Note that in order to write the matrix elements of the Hamiltonian there is no need to make any reference to the two sublattices.

For example, ordering the states as in your figure, the matrix of the Hamiltonian in position basis is

$$ H=\left(\begin{array}{ccccc} 0 & t\\ t & 0 & t'\\ & t' & 0 & t\\ & & t & 0 & \ddots\\ & & & \ddots & \ddots \end{array}\right). $$

The reason why we define the two sublaticces is that the Hamiltonian (with appropriate boundary conditions)is invariant if we translate the system by two, or rather by $a_1 +a_2$.

Hence using Bloch theorem if you want, we can write the Hamiltonian as

$$ H = \sum_{k\in BZ} h(k), $$

where BZ is the Brillouin zone $h(k)$ is a $2\times2$ matrix and the sum is in fact a direct sum.

The way to do that is first write the lattice as consisting of cells of two sites each and then write all the various hopping between neighboring cells and between neighboring sites in the same cell.

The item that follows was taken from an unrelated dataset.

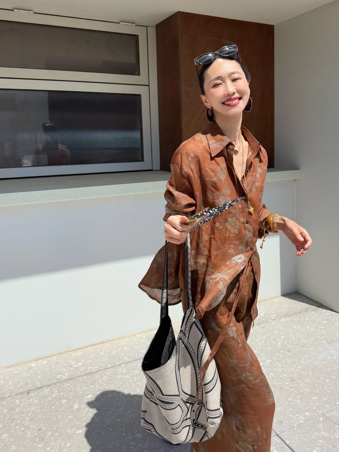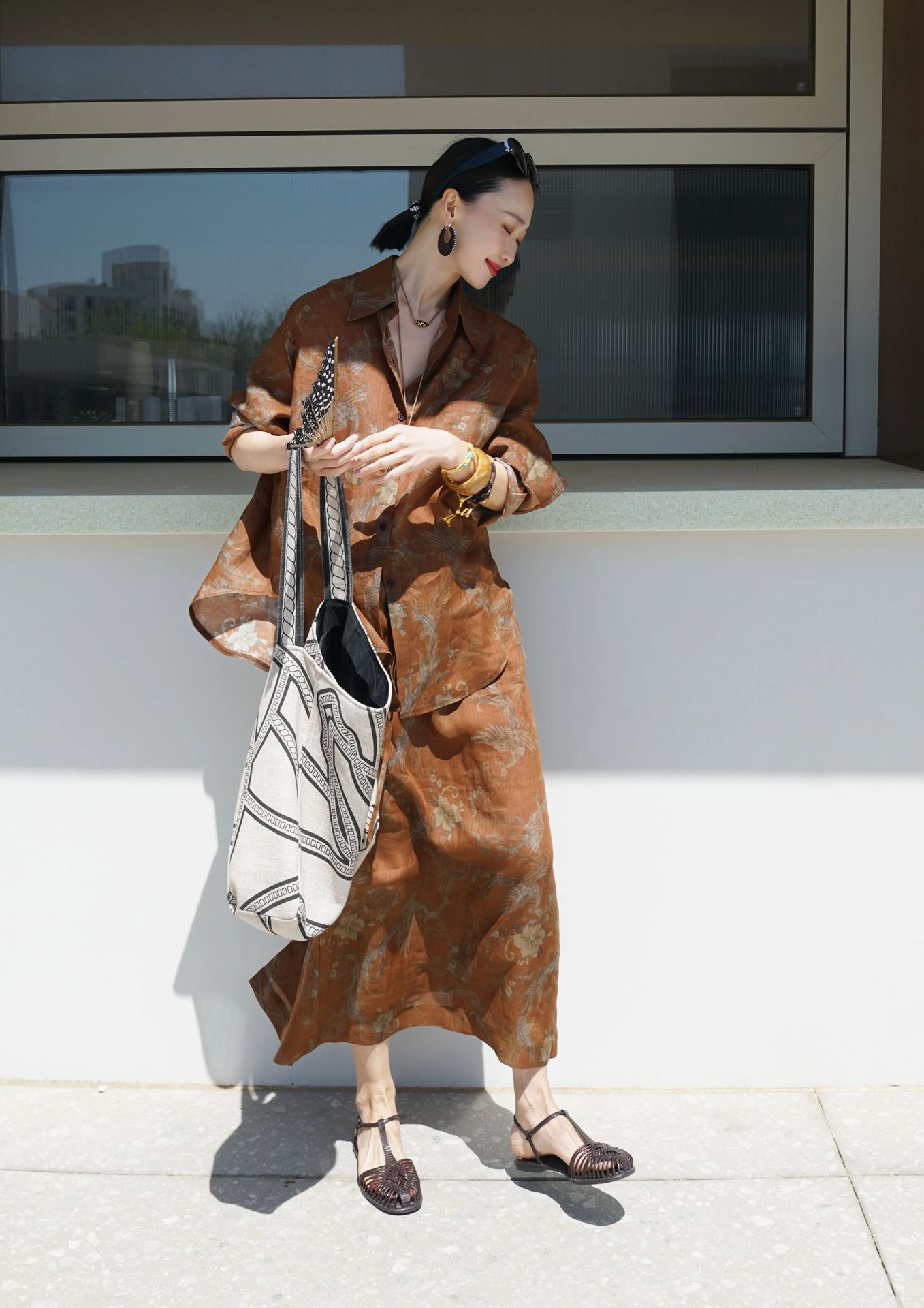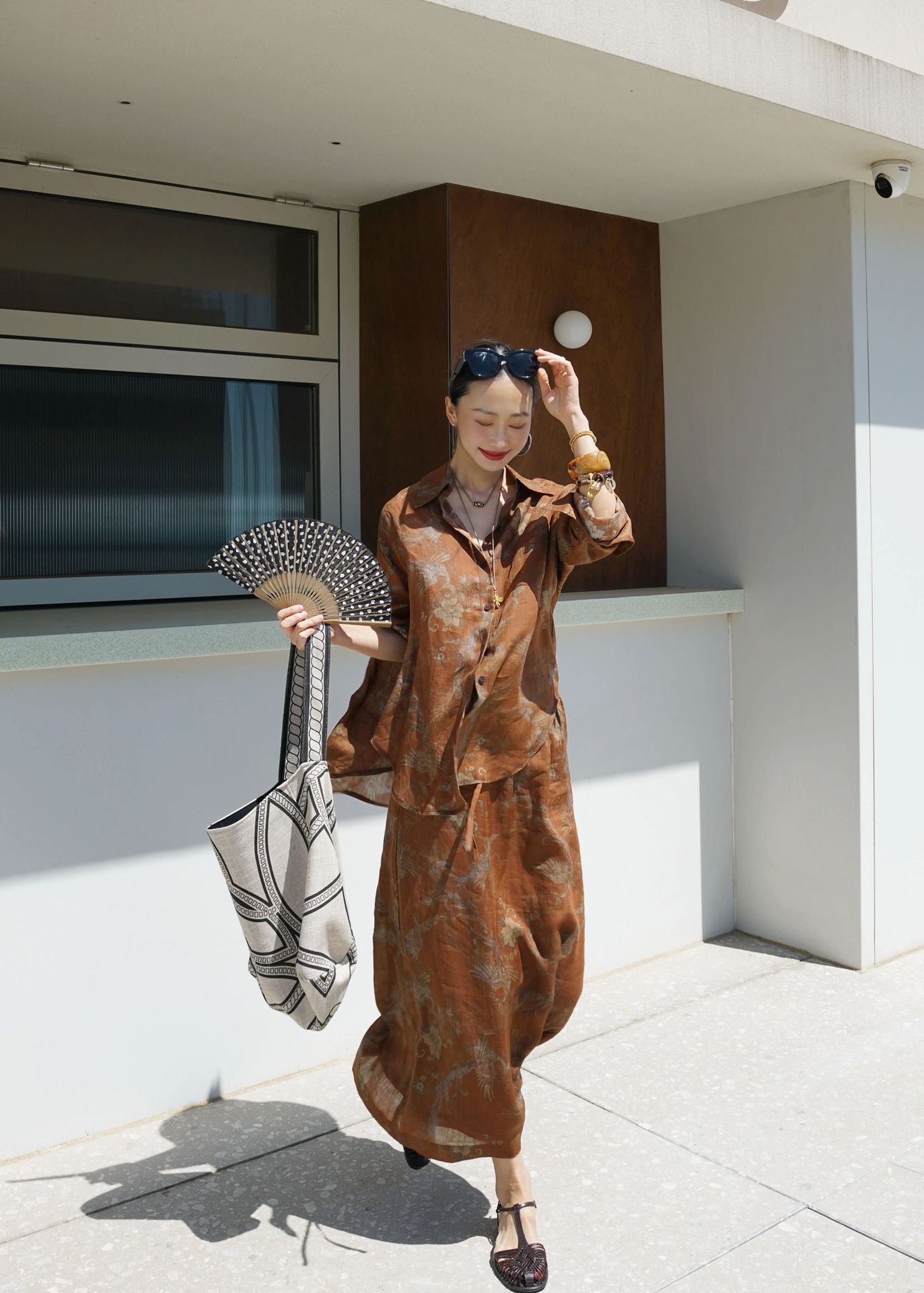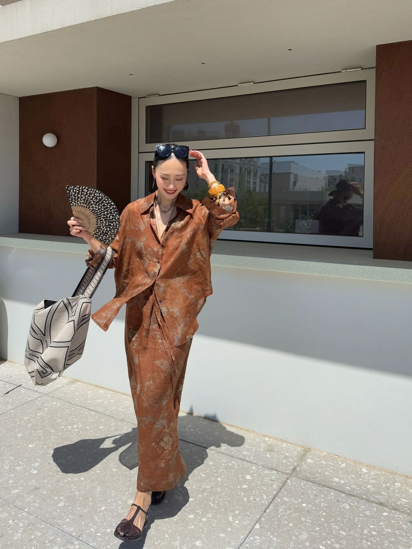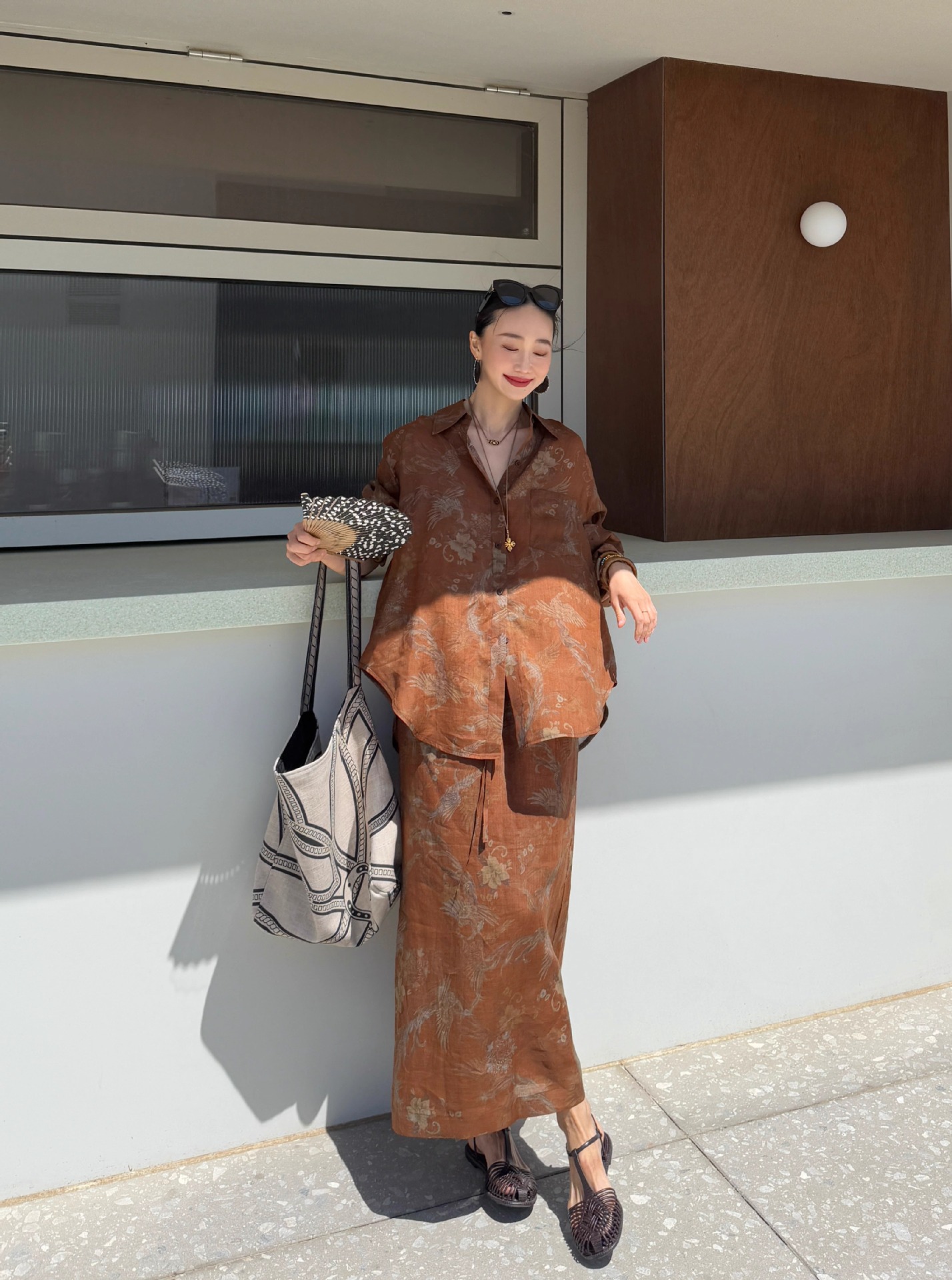 브라운 프린트 슈트

This is just a reindexing of the original position states.

However in the new form it is apparent that translation by one cell leaves the Hamiltonian invariant.

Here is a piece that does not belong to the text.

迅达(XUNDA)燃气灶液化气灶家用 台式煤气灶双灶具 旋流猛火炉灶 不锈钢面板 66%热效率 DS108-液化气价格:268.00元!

At this point we can go to momentum space for the $x$ variable that was indexing the cell.

The two steps can of course be combined but keeping them separate is helpful for checking against errors.

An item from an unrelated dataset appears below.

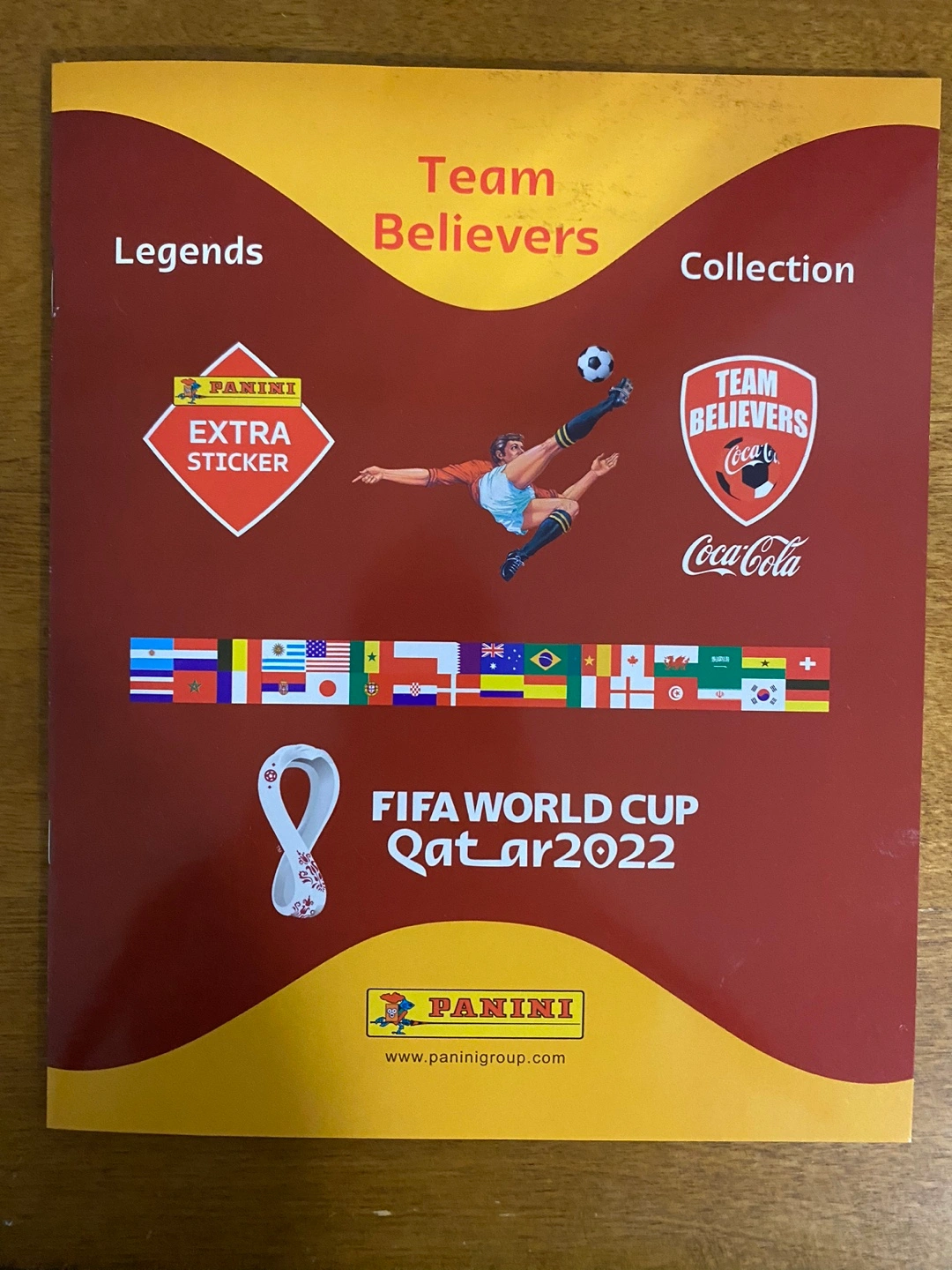 Album Team Believers Legends collection. Includes legends, base, bronze, silver, and gold stickers. From FIFA World Cup 2022.

After the first step above the Hamiltonian looks:

$$ H=\sum_{x} \left ( t|x,1\rangle\langle x,2|+t'|x,2\rangle\langle x+\ell,1|+\mathrm{h.c.} \right ) $$

where $\ell$ is the distance between one cell and the next ($=a_1+a_2$ in your example but you can set it to one of course as it is a simple label here).

Note that I have not been careful about boundary conditions since they have not been specified and I assume the lattice is as you depicted it.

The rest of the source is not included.